# How to do a salt dip?



## MSG (Jul 16, 2012)

Salt dip may not work on some of these white leeches. 

Once you expose these leeches to salted water.


Some may release their grip & fall to the bottom of the net/cup. 
Others will hang on & refuse to let go. Ultimately will have to be removed with needle point tweezers & a very steady hand. 
Molted shrimp shells will also contain eggs or parasites, so grab the shells when you see them & take a look under a magnifying glass. 
*The solution I use is 1tbsp k-salt with 8oz-16oz of standard fish tank H2O. TDS should be in the 3000+ range.*


Your method of termination with ammonia and CopperSafe is excessive. Catching them is the hardest part, but once caught.... you can 

squash
dry under a incandescent light
burn with a lighter
dip the tweezer in salt (dries them up quick) then rinse under the sink.

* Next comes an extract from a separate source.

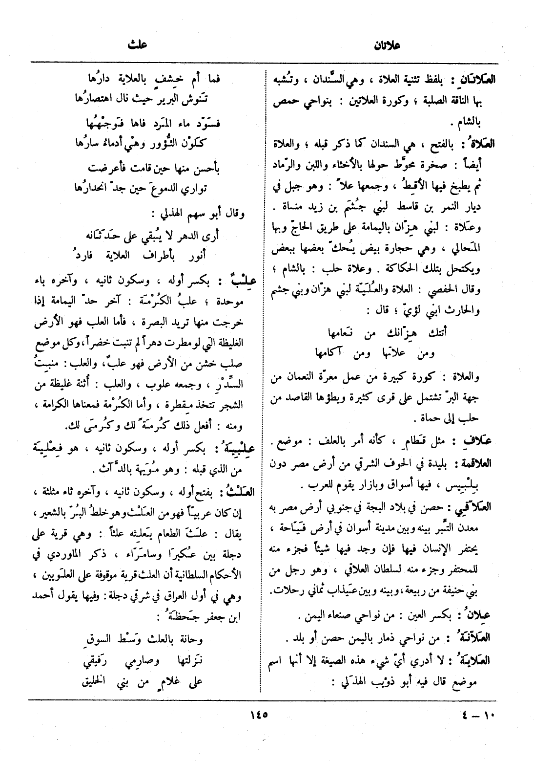 بلفظ تثنية العلاة، وهي السّندان، وتشبه بها الناقة الصلبة، وكورة العلاتين: بنواحي حمص بالشام.
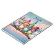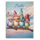 Cute fantasy birds with Christmas hats.The birds are vibrantly coloured, have big eyes that exude joy and curiosity. The background features a soft winter sky in pastel colours, streaked with delicate snowflakes slowly falling. The design exudes warmth and joy, perfectly capturing the festive spirit of the holiday season.

The last one is the easiest.

Good luck.


----------



## Betta132 (Nov 29, 2012)

For dipping anything, catch it in a net and lower the net into the dip. Keep it in the dip until: 
Recommended time has passed (5 mins or so may be good)
Parasites fall off (best to remove shrimp by hand from net in this case so you don't put the parasites back in the tank)
Animal looks freaked out (ie dashing badly, odd breathing, laying on side, etc. Some dashing is expected, but they should calm down in a minute.)
For fish, it's normal for them to float in the salt dip, since they're used to freshwater and their swim bladders can't keep them in place. Not sure if the same applies to shrimp... I don't think shrimp have swim bladders.


----------